Help with Searching .pdf's

I have been trying to make an Automator that will search .pdf's for long list of words then display the words found.


Firstly - can anyone help with Automator to do this? If not, I thought I could put the long list of words (they never change) in a text document and when I want, copy and paste them into the preview .pdf search bar. But this has not worked well - I dont know if there need to be " " for each term, use a comma between words or " | " or nothing at all??


Thank you

MacBook Pro 16″, macOS 12.5

Posted on Aug 18, 2022 11:23 AM

Reply
Question marked as Top-ranking reply

Posted on Aug 25, 2022 6:01 PM

It would appear the the copy/paste to the hosting community changed the double quote to its HTML equivalent which is " .

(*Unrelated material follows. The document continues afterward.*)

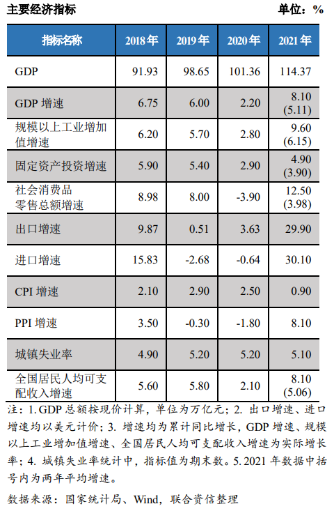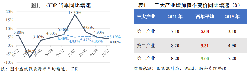 政策回歸常態(tài)化等背景下,我國經(jīng)濟上半年持續(xù)復(fù)蘇,三季度經(jīng)濟增長有所放緩,四季度小幅改善。經(jīng)初步核算,2021年我國國內(nèi)生產(chǎn)總值114.37萬億元,按不變價計算,同比增長 8.10%,兩年平均增長[1]5.11%。分季度來看,GDP 當(dāng)季同比增速在基數(shù)影響下逐季回落。從兩年平均增速來看,上半年我國經(jīng)濟穩(wěn)定修復(fù);三季度 GDP 增速明顯回落,主要受供給端約束和內(nèi)生動能不足的共同影響;隨著保供穩(wěn)價和助企紓困政策有力推進(jìn),供給端限電限產(chǎn)的約束有所改善,四季度經(jīng)濟增長有所加快。

Try copy/pasting this code into an existing AppleScript-Cocoa app template per the instructions:


(*
	pdfsearch.applescript
	
	Given a text file containing single, compound, or quoted word strings, and without any empty lines,
	use that as a wordlist to find all occurrences of those words, and the pages found,
	in a given PDF document.
	
	Produce a text report of the words that match, and the found page numbers. That text
	report is written to the original PDF Document location with a "_matched.txt" suffix.
	
	Code does not work reliably in Automator's Run AppleScript workflow. On M1/M2 Macs, won't work
	as a saved AppleScript application. In Script Editor, use the following to build it:
	  1) File menu > New From Template > Cocoa-AppleScript Applet.
	  2) Paste the following AppleScript/Objective-C into the preceding template
	  3) Click the hammer icon to compile the code
	  4) Option-key + File menu > Save As…
	        a) File format: Script Bundle
		 b) set filename to pdfsearch.scptd
		 c) no options set
		 d) Save
	  5) Double-click pdfsearch.scpt to run it
	
	Reference: https://discussions.apple.com/thread/254122468
	Tested: macOS 11.6.8, 12.5.1
	Version: 1.1
	Author: VikingOSX, 2022-08-25, Apple Support Communities, no warranties expressed or implied.
*)

use framework "Foundation"
use framework "PDFKit"
use AppleScript version "2.4" -- macOS Yosemite or later
use scripting additions

property PDFDocument : a reference to current application's PDFDocument
property NSString : a reference to current application's NSString
property NSUTF8StringEncoding : a reference to current application's NSUTF8StringEncoding
property NSURL : a reference to current application's NSURL
property NSArray : a reference to current application's NSArray
property NSMutableOrderedSet : a reference to current application's NSMutableOrderedSet
property NSMutableString : a reference to current application's NSMutableString
property NSMutableArray : a reference to current application's NSMutableArray
property NSLiteralSearch : a reference to current application's NSLiteralSearch
property NSCaseInsensitiveSearch : a reference to current application's NSCaseInsensitiveSearch

property WORDFILE : "~/Desktop/search_words.txt"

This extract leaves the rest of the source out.